Thursday, September 18, 2008


To sum it up simply, home buyers bought a lot of homes they should not have been buying. Lenders pushed terrible loans that later jumped much higher in monthly payments owed. Lending companies kept this up to keep profits up vis a vis their peers. Fannie and Freddie bought these loans from the lenders. Fannie and Freddie vastly over-extended themselves to do this, at our expense. U.S. and foreign investors bought baskets of these loans by the zillions.

Suddenly, those who couldn't ever afford the house they bought started to show it by not making payments and then by getting foreclosed on. All of a sudden, trillions of dollars of loan baskets (CDO's, etc.) were of unkown value, because they couldn't be sold due to their terrible credit profiles and non-payments by the home owners.

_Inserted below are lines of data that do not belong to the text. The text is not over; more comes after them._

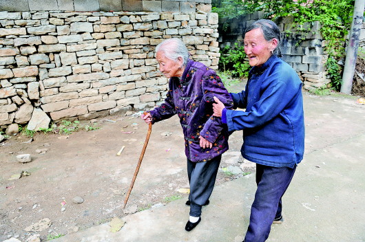 隔壁家的老太太搀着董连美遛弯,两人一起走过了数十年的光阴。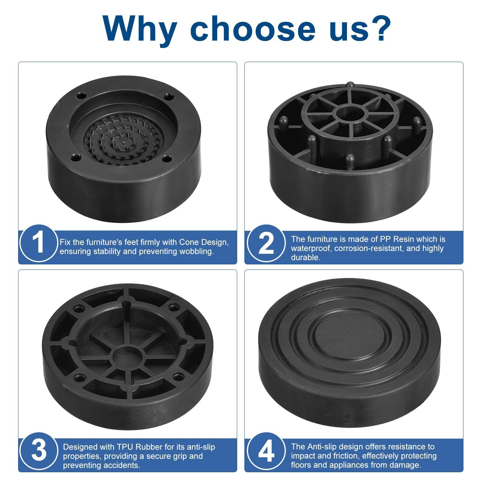 uxcell 丸い家具用ライザー4セット 高さ2.36の調節可能なベッドリフトライザー ベッドフレーム テーブル デスク ソファーレッグ チェアリフター 最大1300ポンドをサポート 黒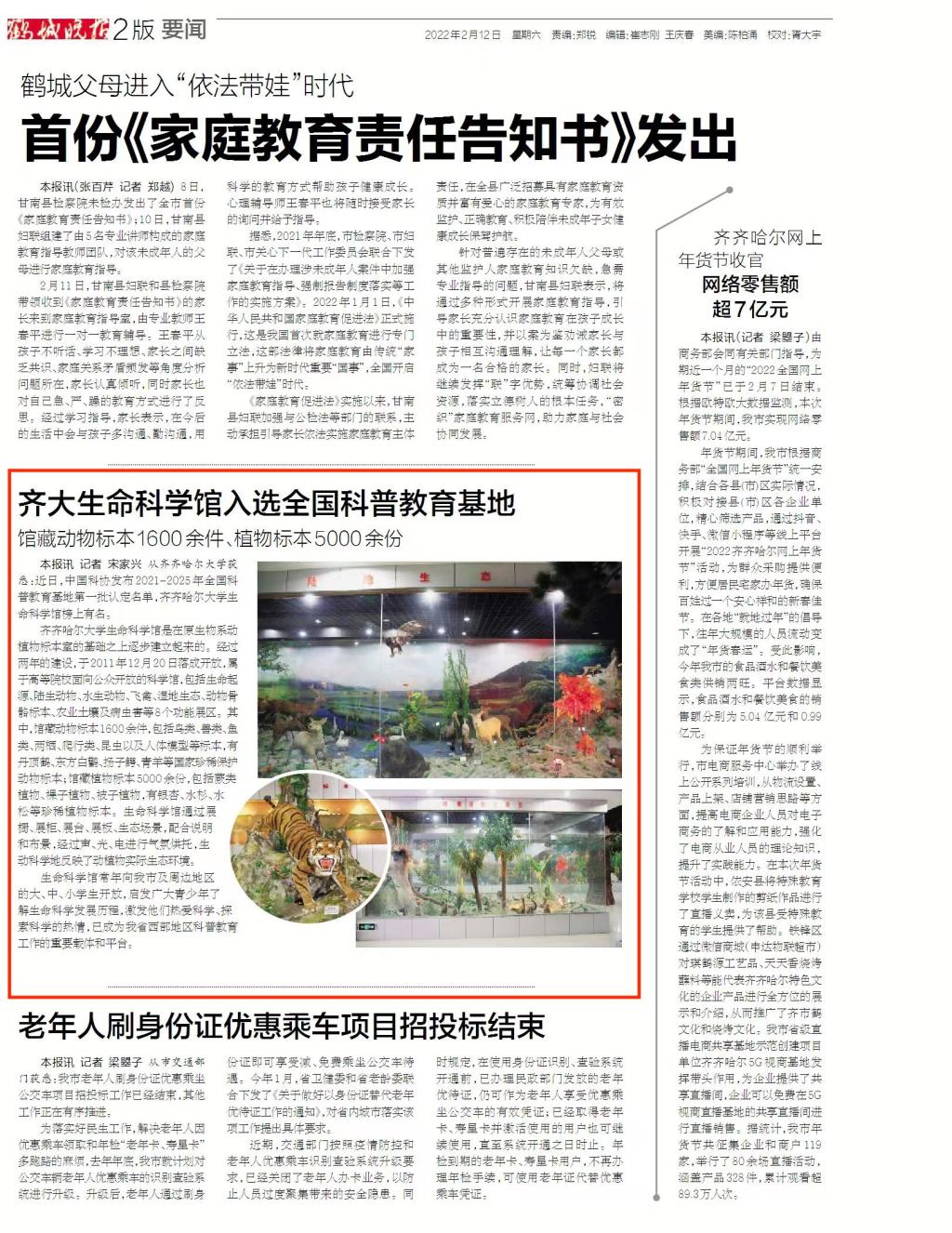 【鹤城晚报】齐大生命科学馆入选全国科普教育基地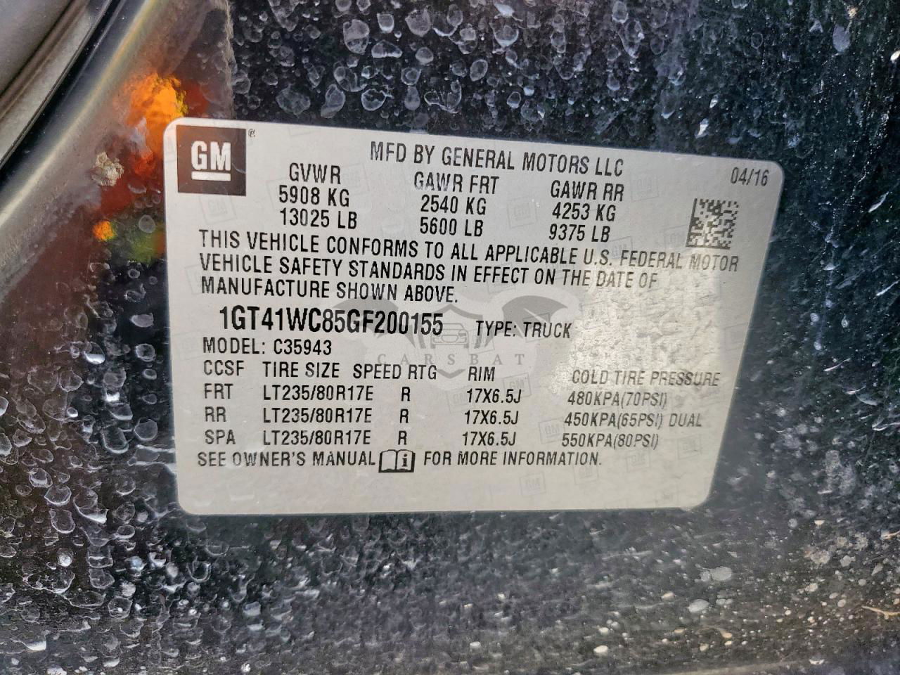 • VIN: 1GT41WC85GF200155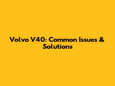 Volvo V40: Common Issues & Solutions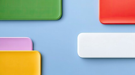 Abstract composition featuring colorful rectangles on a light blue background. Minimalist design with vibrant colors and clean lines.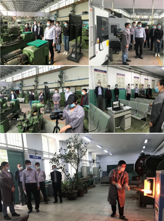 5月11日下午2:30,公司党委副书记、副董事长薛庆国,教务处副处长陈建以及学院经理赵志毅、书记张甜、副经理吕庆功、副经理贺东风等一行到金工实习基地进行现场调研,深入了解《金工实习》实践教学实施情况,薛庆国副书记首先来到车工实践教学现场观看了车工实习指导老师的上课情况。随后对数控加工、锻压、铸造、焊接等实习室进行考察,并与授课教师进行了深入交流,详细了解实践直播教学的具体内容和安排。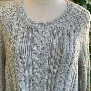 Soft Surroundings Cozy Cold Shoulder Sweater Plus Size 3X Gray Cable Knit Wool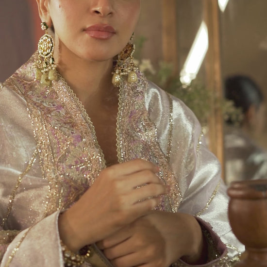 Experience the allure of our silk masterpiece intricately detailed with stunning beadwork and meticulous threadwork. Each stitch reflects artisanal craftsmanship, weaving a narrative of elegance and sophistication, adding a touch of timeless charm to your ensemble.
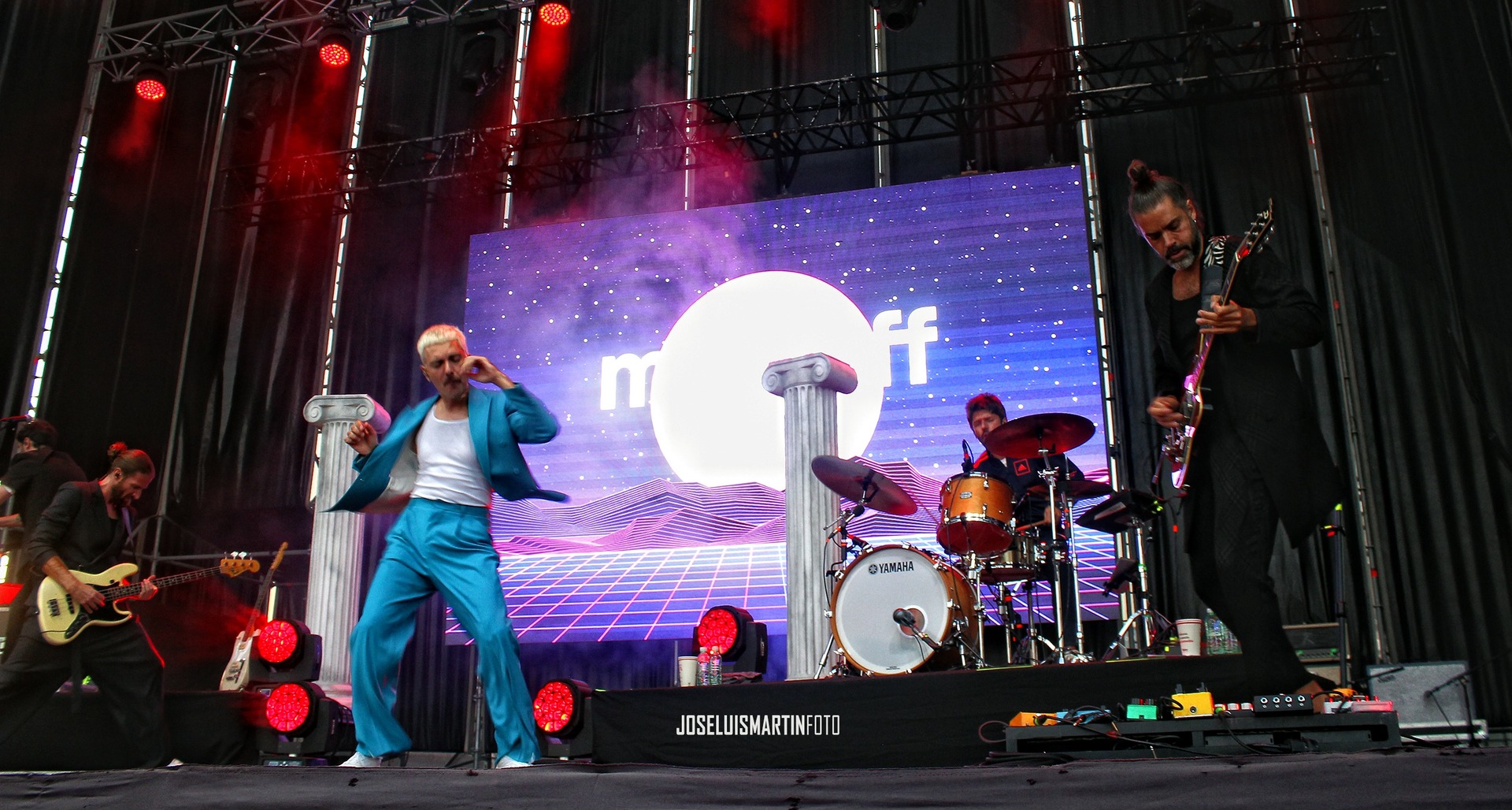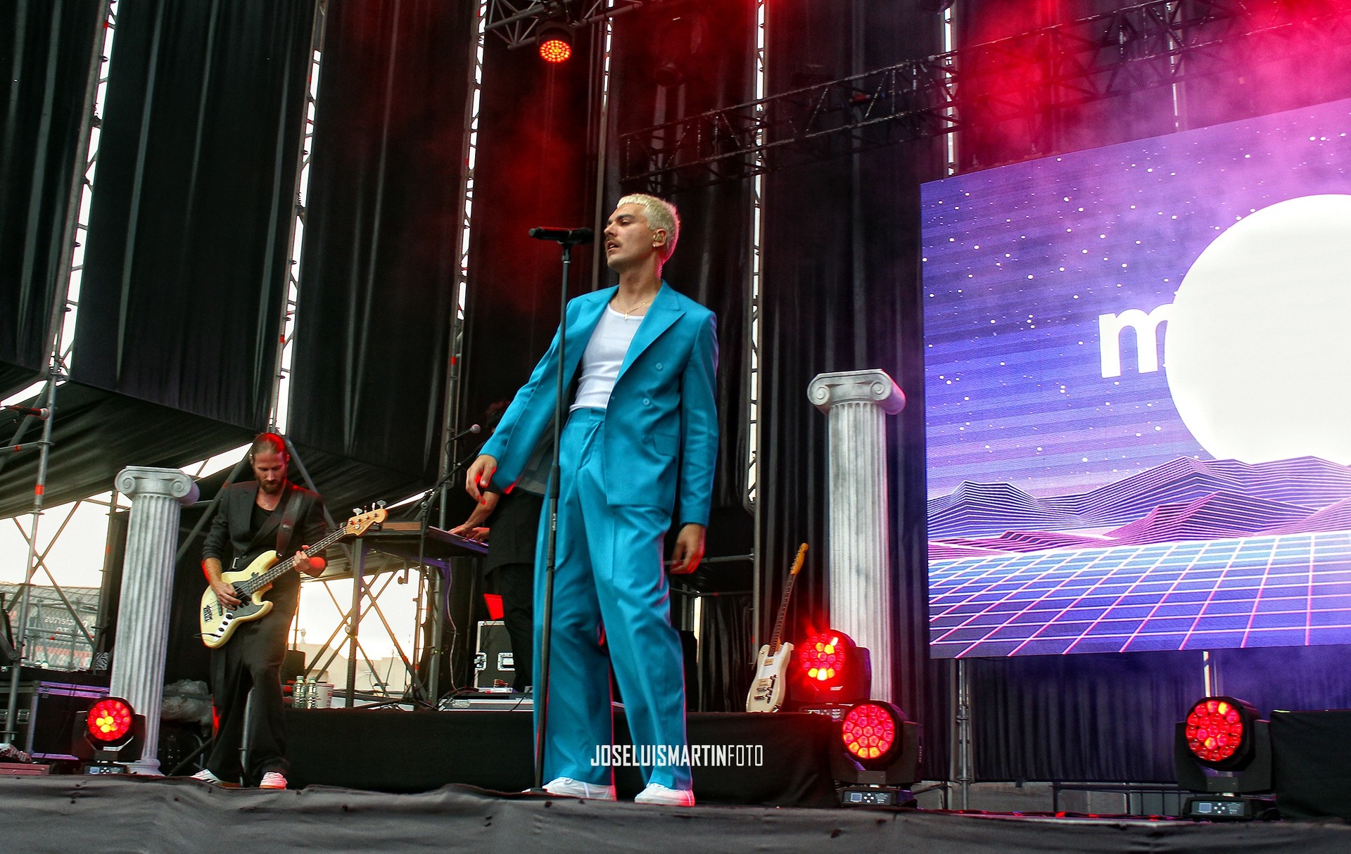 Y empieza a salir el grupo, Alberto Jiménez (voz), Sergio Sastre (teclados y guitarra), Álvaro Navarro (guitarra) y Antonio Poza (bajo), con ese nuevo look que han elegido para esta gira, y supongo que para las fotos del nuevo disco y, disculpadme, a mi no me gusta. Creo que a Alberto, en particular, ese traje azul con esa camiseta interior de tirantes no le pega nada, pero solo es opinión de un servidor.

Now, banks, investment banks, and invisble funds spun off and operated invisibly as off-balance companies to larger, big-name companies - all of them had hundreds of billions of losses, at least on paper. Enron-scandal accounting rules now force these companies to "mark to market" the value of their loans. But, as dicussed here, there was no market for these things, and thus no real value for the time being. But since the companies had to mark them down anyway, this terminally damaged their credit status and ability to get financing, not to mention in some cases causing a run on the bank in question by the customers of that bank. Stocks of these companies then crashed, making credit matters even worse for them.

At risk of the whole credit and financial system freezing up, the feds have stepped in, and here we are.

Jonah Goldberg has a piece that nicely sums up what just happened in the financial meltdown, and who is to blame. From the NY Post, WASHINGTON BREWED THE POISON.


Franklin Raines, the Clinton-appointed head of Fannie Mae from 1998 to 2004, made it his top priority to make mortgages easier to get for people with poor credit, few assets and little money for a down payment.

The Clinton administration re- interpreted the Community Reinvestment Act to politicize lending practices. Under the CRA, the feds forced banks to prove they weren't "redlining" (i.e., discriminating against minorities) by approving loans to minorities and various left-wing "community groups," bad risks or not.
Sen. Phil Gramm called it a vast extortion scheme against America's banks. Still, the banks were perfectly happy to pass the risky loans to Raines' Fannie Mae, which was happy to buy them up.

That's because Raines was transforming Fannie from a boring but stable institution dedicated to making homes more affordable into a risky venture that abused its special status as a "government sponsored enterprise." Fannie bought the bad loans and bundled them together with good ones. Wall Street was glad to buy up these mortgage securities because Fannie was deemed a government-insured behemoth "too big to fail." And others followed Fannie's lead.

In 2005, John McCain sponsored legislation to thwart what he later called "the enormous risk that Fannie Mae and Freddie Mac pose to the housing market, the overall financial system and the economy as a whole."

Barack Obama, the Senate's second-greatest recipient of donations from Fannie and Freddie after Dodd, did nothing.

Meanwhile, Raines made $52 million of his $90 million compensation package thanks in part to fraudulent earnings statements.